## [Your task]
Copy each line below exactly and leave the pictures out.

Information provided Start Marker

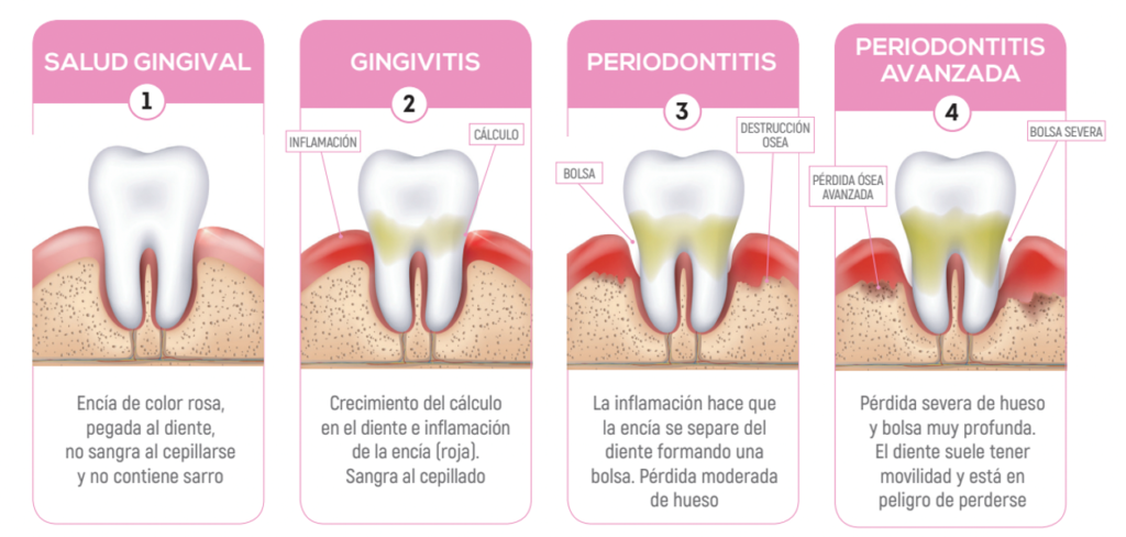 La encía normal es de color rosa, no sangra y está pegada a los dientes. Cuando se inflama aparece la llamada gingivitis, que se manifiesta por una inflamación y sangrado gingival. En este momento, si se adoptan las medidas oportunas y se refuerza la higiene, la enfermedad se resuelve sin ningún problema. Si, por el contrario, no controlamos esta inflamación, la patología progresa y empieza a afectar al hueso que rodea a los dientes de manera
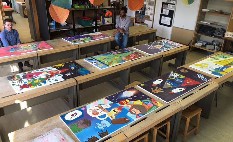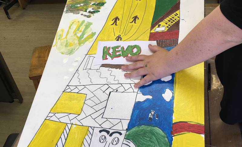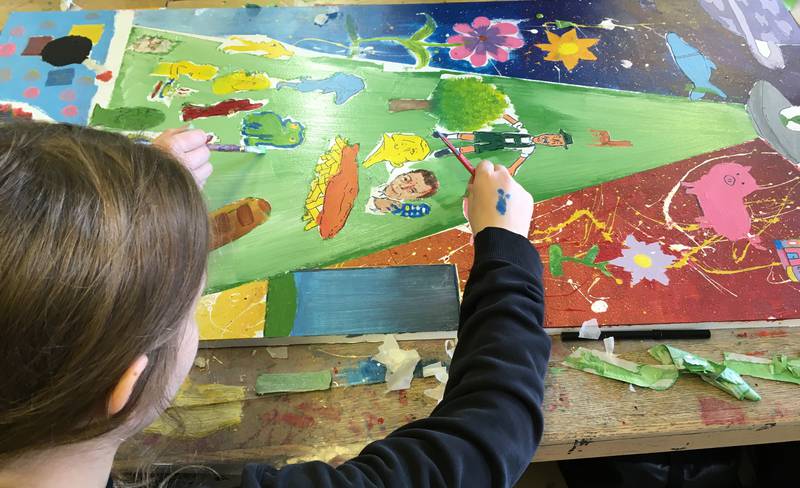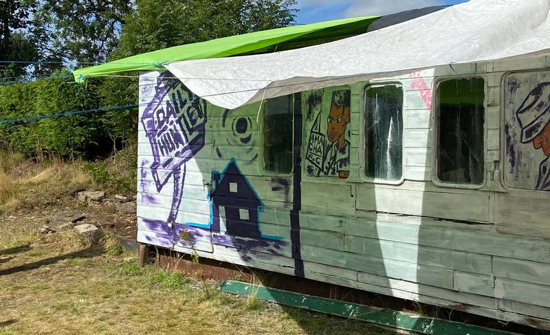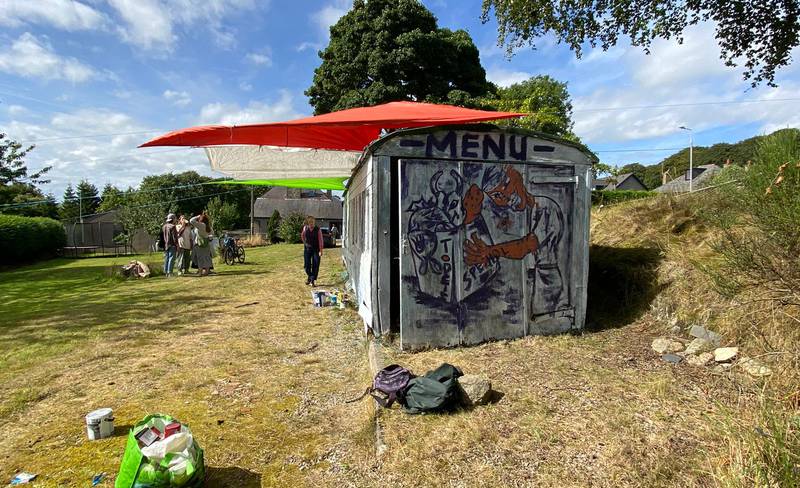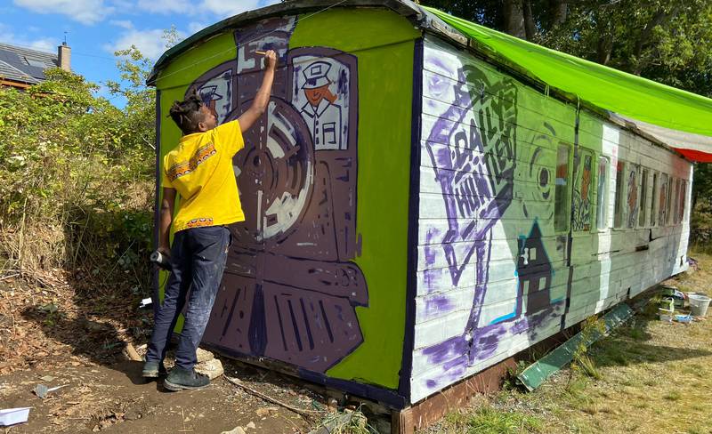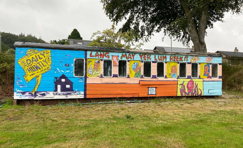 To find answers to these questions, Kevo created new murals at three locations across the town: Gordon Rural Action's new Bikery workshop, The Gordon Schools and a train carriage in a garden next to the A96. Following a call out for mural locations, Kevo's mural at the Bikery – a community bike maintenance workshop – was inspired by the wheels, spokes, bike frames and handle bars surrounding him to create a mural of a cyclist taking a ride through the green hills of Huntly’s surroundings. On the edge of the A96, Kevo turned an old train carriage into a colourful welcome to Huntly, mixing lines from Robert Burns poems with his own style of painting and portraits of train travellers. Kevo also spent some time working with a group of pupils at The Gordon Schools to create a series of panels inspired by their present situations and future dreams. Kevo used tools made as part of Affirmative Art, a programme he co-designed in 2021 to empower people to draw, discuss and discover their dream future. The final painted panels feature planes, mugs of tea, NASA, portraits, sausage rolls, calculators, cartoons, books, pigs, cameras, algebra and alien spaceships… amongst many other things, and are installed in locations chosen by the pupils for the whole school to admire.
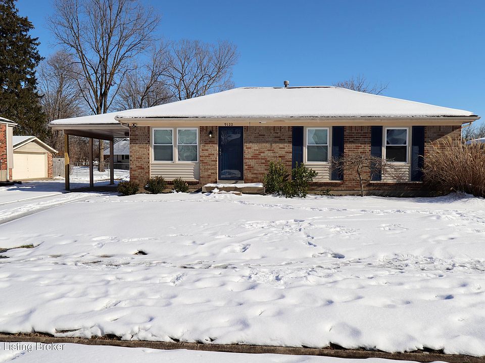 Welcome to 9122 Brandywyne. Don't let this gem of a home slip through your fingers. In the sought after subdivision of Brandywyne, you will find this all brick,3 bedroom, 1 and 1/2 bath ranch home with an unfinished basement and a carport to boot, all for under $245,000. Upon entering your new home, you and your guest will be welcomed with well taken care of hardwood floors in the living room, hallway, and all bedrooms. With over 1300 sq. ft. to spread out and an extra nice sized family room, you are going to enjoy entertaining your guest. If you need even more room, come on down to the unfinished basement where you can let your imagination run wild with so many options an open space. The outside space is a great place to relax. You can sit on your covered carport and watch the world go by, or have your Coffee in the morning, and grill your favorite dinner on your patio outback. Some wonderful bonuses that the sellers have done since they bought it was upgrade the HVAC system, the inside electric panel, and brand new, top-of-the-line, exterior doors. Listing agent is related to the sellers. Just FYI, a fisheye lens was used when taking pictures to capture a better full view of the rooms and property.
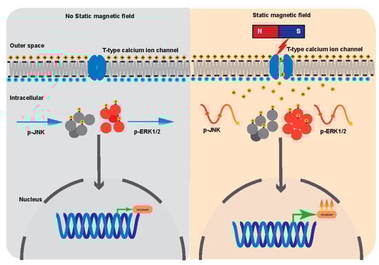 In this study, we investigated the biological effects of SMF on MSCs and found that SMFs promote the proliferation of MSCs. Specifically, MAPK signaling pathways are sensitive to SMF stimulation, and the activation of ERK and JNK signaling pathways seems to oscillate periodically with the exposure time of the SMF. Importantly, we demonstrated that T-type calcium ion channels mediated the SMF-dependent MSC proliferation (Figure 5).
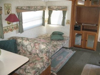 The RV for sale is a Used 3903 Keystone Sprindale Fifth Wheel by Keystone RV that is room enough for 8 RV-ers to sleep, is equipped with a tough aluminum construction type, and has a slide.
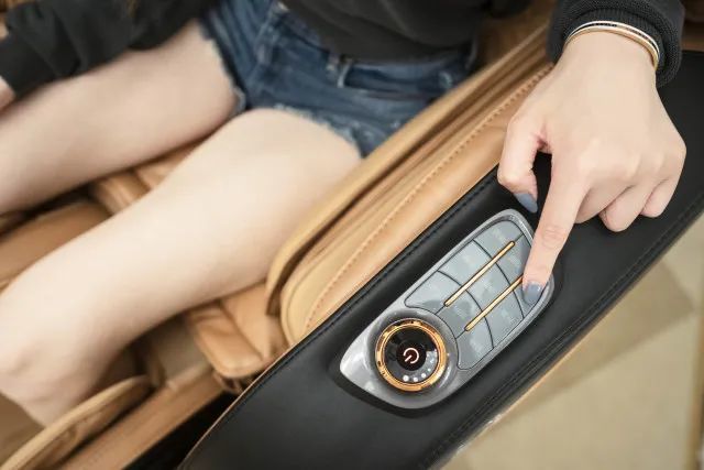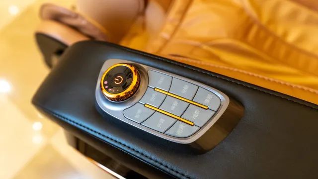 上图是【O-Drive扶手旋钮按键】,点击开关即可开启或者急停,旋钮可以控制3D按摩力度,下方按键可以控制所有姿态:不论是背部俯仰、还是腿部的升降都非常方便,即使老人使用也没有难度,可以轻松上手。控制按键的设计有点像汽车中控,用的时候就在想,按摩椅能否装到汽车后排,长途行车的时候后排座位肯定非常舒服。
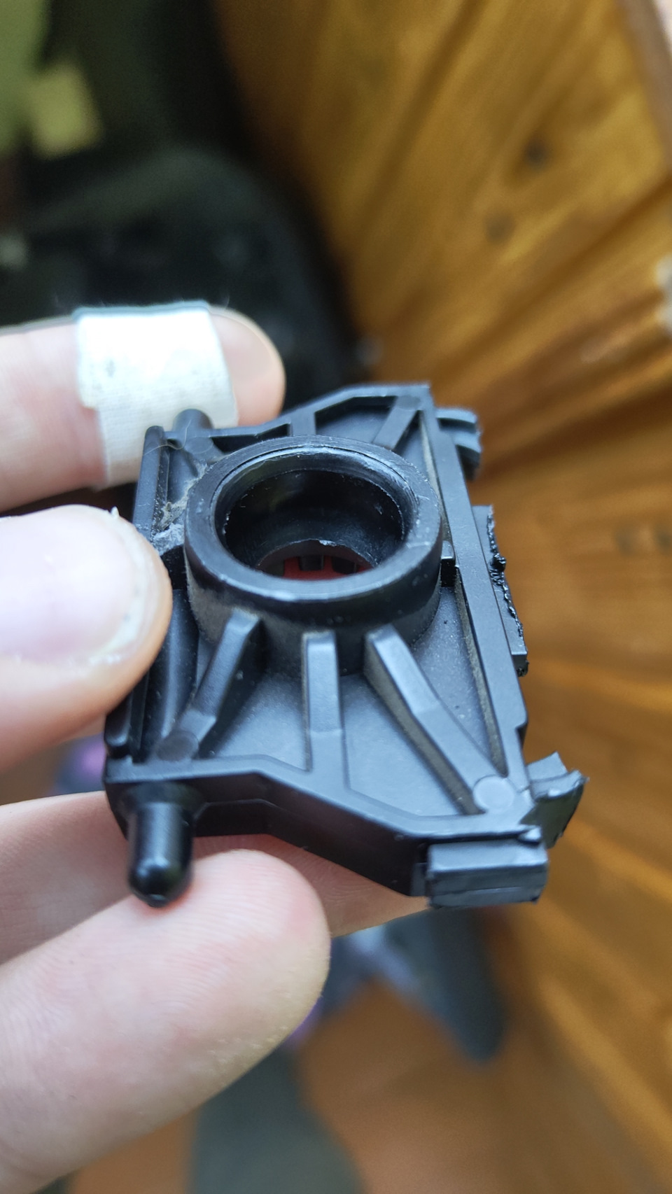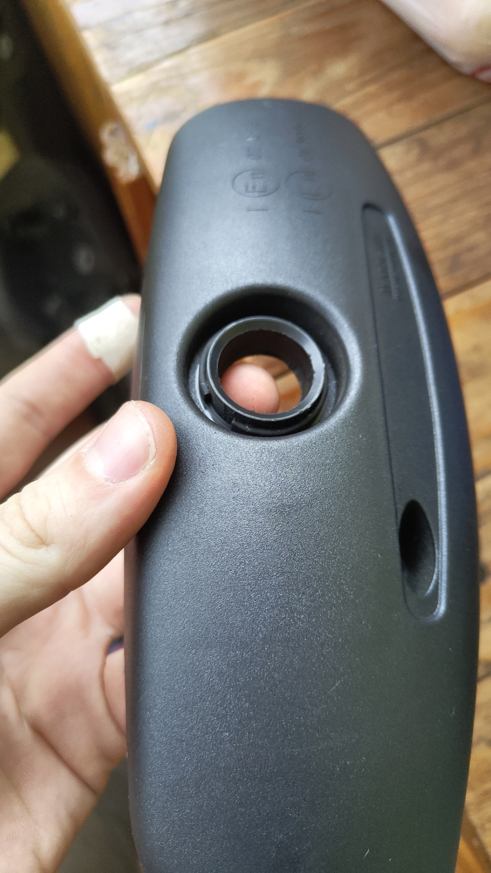 Далее, в яблоке родного крепления просверливают отверстие, через которое в дальнейшем пройдут провода. Отверстие делал сверлов 2мм, далее расширил до 5мм.

Information provided End Marker

## [Solution to this task]
 La encía normal es de color rosa, no sangra y está pegada a los dientes. Cuando se inflama aparece la llamada gingivitis, que se manifiesta por una inflamación y sangrado gingival. En este momento, si se adoptan las medidas oportunas y se refuerza la higiene, la enfermedad se resuelve sin ningún problema. Si, por el contrario, no controlamos esta inflamación, la patología progresa y empieza a afectar al hueso que rodea a los dientes de manera
 To find answers to these questions, Kevo created new murals at three locations across the town: Gordon Rural Action's new Bikery workshop, The Gordon Schools and a train carriage in a garden next to the A96. Following a call out for mural locations, Kevo's mural at the Bikery – a community bike maintenance workshop – was inspired by the wheels, spokes, bike frames and handle bars surrounding him to create a mural of a cyclist taking a ride through the green hills of Huntly’s surroundings. On the edge of the A96, Kevo turned an old train carriage into a colourful welcome to Huntly, mixing lines from Robert Burns poems with his own style of painting and portraits of train travellers. Kevo also spent some time working with a group of pupils at The Gordon Schools to create a series of panels inspired by their present situations and future dreams. Kevo used tools made as part of Affirmative Art, a programme he co-designed in 2021 to empower people to draw, discuss and discover their dream future. The final painted panels feature planes, mugs of tea, NASA, portraits, sausage rolls, calculators, cartoons, books, pigs, cameras, algebra and alien spaceships… amongst many other things, and are installed in locations chosen by the pupils for the whole school to admire.
 Welcome to 9122 Brandywyne. Don't let this gem of a home slip through your fingers. In the sought after subdivision of Brandywyne, you will find this all brick,3 bedroom, 1 and 1/2 bath ranch home with an unfinished basement and a carport to boot, all for under $245,000. Upon entering your new home, you and your guest will be welcomed with well taken care of hardwood floors in the living room, hallway, and all bedrooms. With over 1300 sq. ft. to spread out and an extra nice sized family room, you are going to enjoy entertaining your guest. If you need even more room, come on down to the unfinished basement where you can let your imagination run wild with so many options an open space. The outside space is a great place to relax. You can sit on your covered carport and watch the world go by, or have your Coffee in the morning, and grill your favorite dinner on your patio outback. Some wonderful bonuses that the sellers have done since they bought it was upgrade the HVAC system, the inside electric panel, and brand new, top-of-the-line, exterior doors. Listing agent is related to the sellers. Just FYI, a fisheye lens was used when taking pictures to capture a better full view of the rooms and property.
 In this study, we investigated the biological effects of SMF on MSCs and found that SMFs promote the proliferation of MSCs. Specifically, MAPK signaling pathways are sensitive to SMF stimulation, and the activation of ERK and JNK signaling pathways seems to oscillate periodically with the exposure time of the SMF. Importantly, we demonstrated that T-type calcium ion channels mediated the SMF-dependent MSC proliferation (Figure 5).
 The RV for sale is a Used 3903 Keystone Sprindale Fifth Wheel by Keystone RV that is room enough for 8 RV-ers to sleep, is equipped with a tough aluminum construction type, and has a slide.
 上图是【O-Drive扶手旋钮按键】,点击开关即可开启或者急停,旋钮可以控制3D按摩力度,下方按键可以控制所有姿态:不论是背部俯仰、还是腿部的升降都非常方便,即使老人使用也没有难度,可以轻松上手。控制按键的设计有点像汽车中控,用的时候就在想,按摩椅能否装到汽车后排,长途行车的时候后排座位肯定非常舒服。
 Далее, в яблоке родного крепления просверливают отверстие, через которое в дальнейшем пройдут провода. Отверстие делал сверлов 2мм, далее расширил до 5мм.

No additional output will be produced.